Someone Stole Our Money Tree

And other perfectly plausible excuses for not spending in this economy… Frankly, with the amount of times my children ask for something — from $2 gems for Dragonvale to a dress from Justice to a new iPhone, I’m assuming they believe that money either grows on trees or at the very least flows to us on a river of gold.

“Someone cut down our money tree.”  This is the line I used to explain why my son would not be getting the new iPhone 5 the moment it hit shelves, like some of his other friends, who shall remain nameless.  “That’s right, just yesterday I was fanning myself with fresh dollar bills, off the darn thing and today… gone,” I waxed.

“I remember the old days, circa 2000, when times were good, the tree bloomed so plentifully.  I would walk out and stare into the buds, too blurry to tell what they would blossom into, but so excited by the prospects.  The beautiful $20’s and even a rogue $100 here or there, opened in glorious subdued hues of matte greens.  Benjamins and Jacksons — the good ol’ boys.  Recently, the soil has not been as “rich,” if you will, and Washington, old faithful, as I like to call him, has been the only one to flower.

The spots once reserved for George and Abie became clusters of kernels, heavy copper and silver colored nuts, that plunked down on our heads at even the slightest gust of wind.  Every once in a while, a seed would hit with concussion causing force… “Damn Susan B.”  I’d curse at it, and then plant it, in hopes of growing another tree.  Alas, the bush it bore only sprouted subway tokens, which are of no use in the Florida suburbs.

Each Tuesday, I would pluck all the ripe bills from the tree, as Wednesday is the day the lawn people come.  Well, need I say more.  It’s so hard to find honest help these days.

But today, well today… I don’t need to worry about picking the fruit, because the tree is gone.  All that’s left is a hole in the ground and some scattered pennies that even the horticultural filchers found not worth risking back injury for.

“So, no new iPhone 5 for you OR ME, for that matter.”

My son walked away confused and mildly appeased.  Next I will explain to my husband why the boot fairy made a recent visit to my closet.

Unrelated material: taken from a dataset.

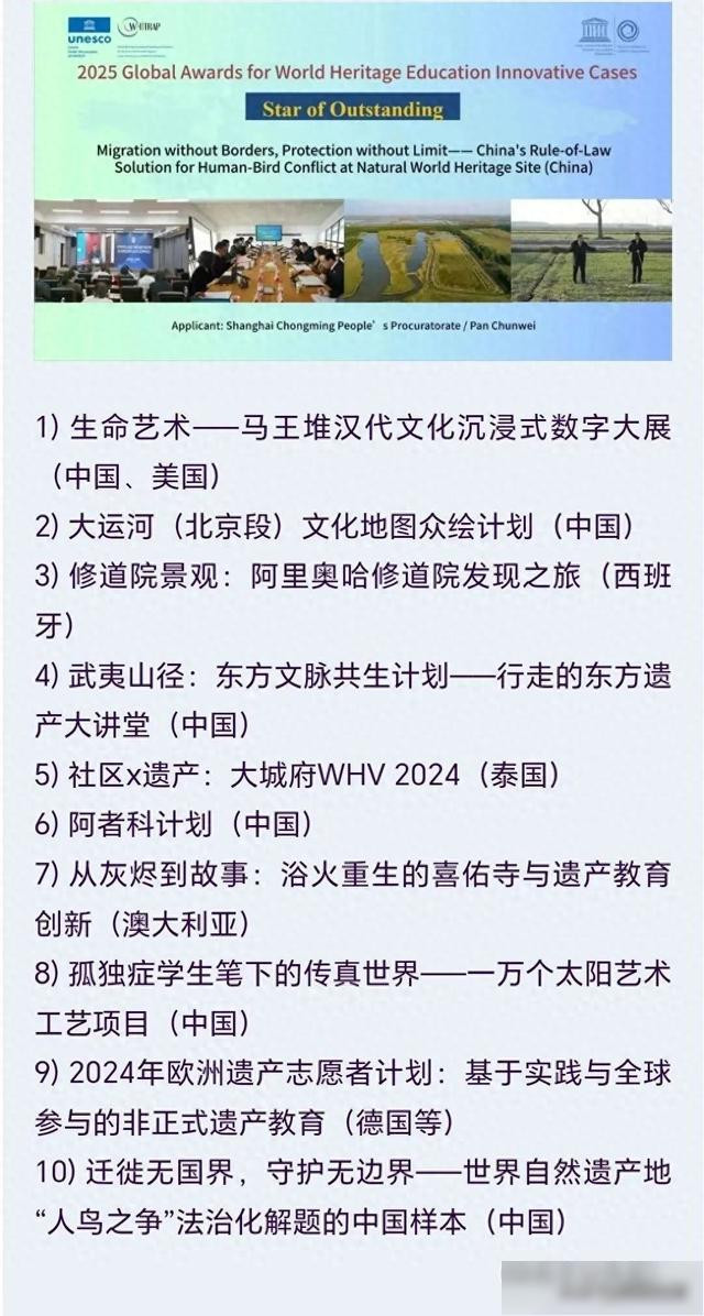 入围2025“全球世界遗产教育创新案例奖”卓越之星十大案例的上海市检察机关“迁徙无国界,守护无边界——世界自然遗产地‘人鸟之争’法治化解题的中国样本”。

15 thoughts on “Someone Stole Our Money Tree

  1. Mom Off Meth

    Oh how I wish that money tree would grow around here. I think I cut it down myself. And that new iPhone is calling my name. Damn it. I’ll have to donate more plasma. Seriously.

  2. cherie

    I guess that was the money tree that used to be in my back yard when you were a kid…but I thought that was gone a long time ago. I loved this.

  3. Bari

    Yeah, yeah, yeah, my mom used to give me the money tree story too. Then I grew up and gave the same story to my daughter. I feel for you, my heart bleeds, money is tight!
    But say, can I borrow the boots, I can pay little rent for them.

  4. Amy

    U deserve the boots way more than any 10 year old
    Needs a $500 toy. Even though all of our kids have such expensive items, the fact that they have iPods.,iPads, iPhones is so crazy. To think I didn’t get the barbie dream house.

  5. Leslie

    Love it! I don’t think our money tree ever had a full blossoming season. It was a dwarf plant, and it didn’t get fertilized well. But now…..it’s a stick. ;o)

  6. Louisa

    Ha ha that’s so funny because apparently we have a money tree too and my husband being an accountant often refers to it ironically when I’ve been shopping.